The Mining YouTube dataset (working title 'Weak YouTube dataset') is a large-scale real-world benchmark designed to evaluate automated learning techniques for human action recognition without humanly annotated training data.

The here presented dataset is based on the idea that it should be possible to learn action classes and concepts from unannotated videos.

The dataset comprises 512 different classes (incl. background 513) in form of verb oject combinations, based on 94 different verbs and 171 objects.

The the related paper can be found on arxiv: https://arxiv.org/abs/1906.01012

Sample classes

Training data

To gather training data we make use of the spoken language within in the videos to extract possible class labels. It follows the idea that, especially in the context of instructional videos, people usually explain and comment their actions to the viewers, so the performed actions are named during execution, and that those indicators will be sufficient to learn action classes from video data without the need for human intervention. We use publically available video content from YouTube. To avoid crawling millions of videos at random we restrict the dataset domain to cooking videos and further focus on five simple dishes based on egg preparation which are “eggroll”, “fried egg”, “pancake”, “omelette” and “scrambled egg”, as they all share common tasks and are suitable for the mining of related action classes.

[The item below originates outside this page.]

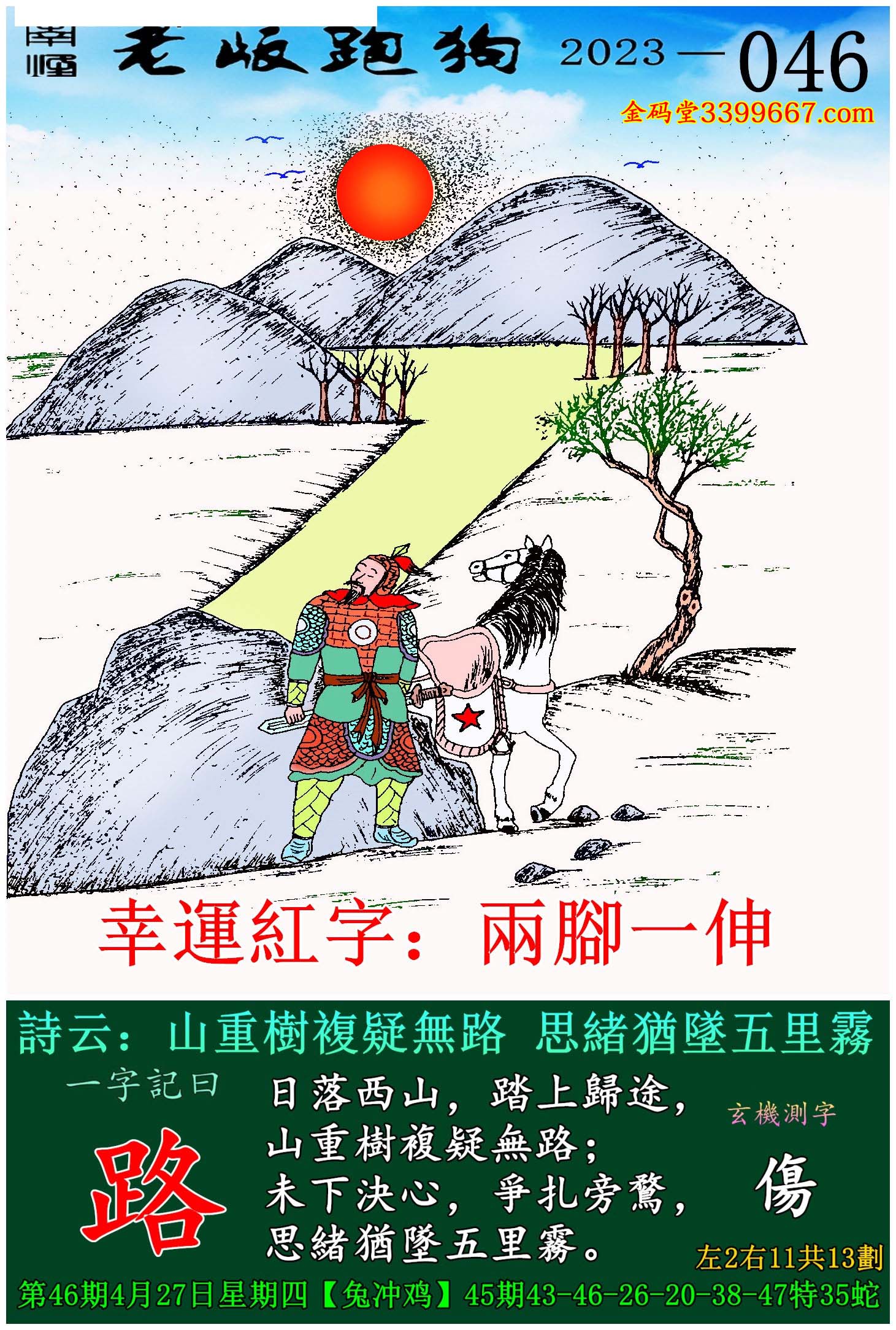 046期老版跑狗一字記之曰:【路】

Overall the training video base consists of ~20000 video IDs.

The training samples are minded by searching for the respective annotated classes within the subtitles of freely available videos. Please refer to the paper for a deeper analysis of different mining strategies.

Example for simple class mining

Test data

The test set consits of 250 randomly select cooking videos, 50 from the search query of each dish.

The test videos are densely annotated, thus each frame is labeled with its respective action class.

The annotators were instructed to label all visible actions in the videos. Additionally, they were also supposed to listen to the descriptions from audio comment and give the mentioned verb object combinations priority. If an action is visible without audio comment, they were instructed to annotate the respective class from the dictionary.

All annotated action classes are further checked if they appear at least 10 times in the training data.

Example for fully annotated test video

Feature computation

We provide features for the training samples and the test data. For feature computation we use the Temporal Segment Network framework pretrained on the Kinetics dataset. We extract features from the output of the last global pooling layer of the spatial and temporal stream of the BNInception architecture. We forward only the center crop of each frame through the spatial and the temporal stream and process every second frame of all clips.

Task description

To evaluate the performance of the different methods and descriptors, we regard the task of temporal alignment of frames to a given ordered set of action classes. For this task, the transcript of a video as well as the video itself is available at test time and the goal is to temporally align the video frames to the given list of ordered actions. The task of temporal alignment has the advantage that the action classes to detect are already predefined. This relaxes the problem of false synonym labels as in this case e.g. “add oil” will usually not be mixed up with “pour oil” and thus does not result in a false label. As performance measure, we use the Jaccard index computed as intersection over union (IoU) and intersection over detection (IoD).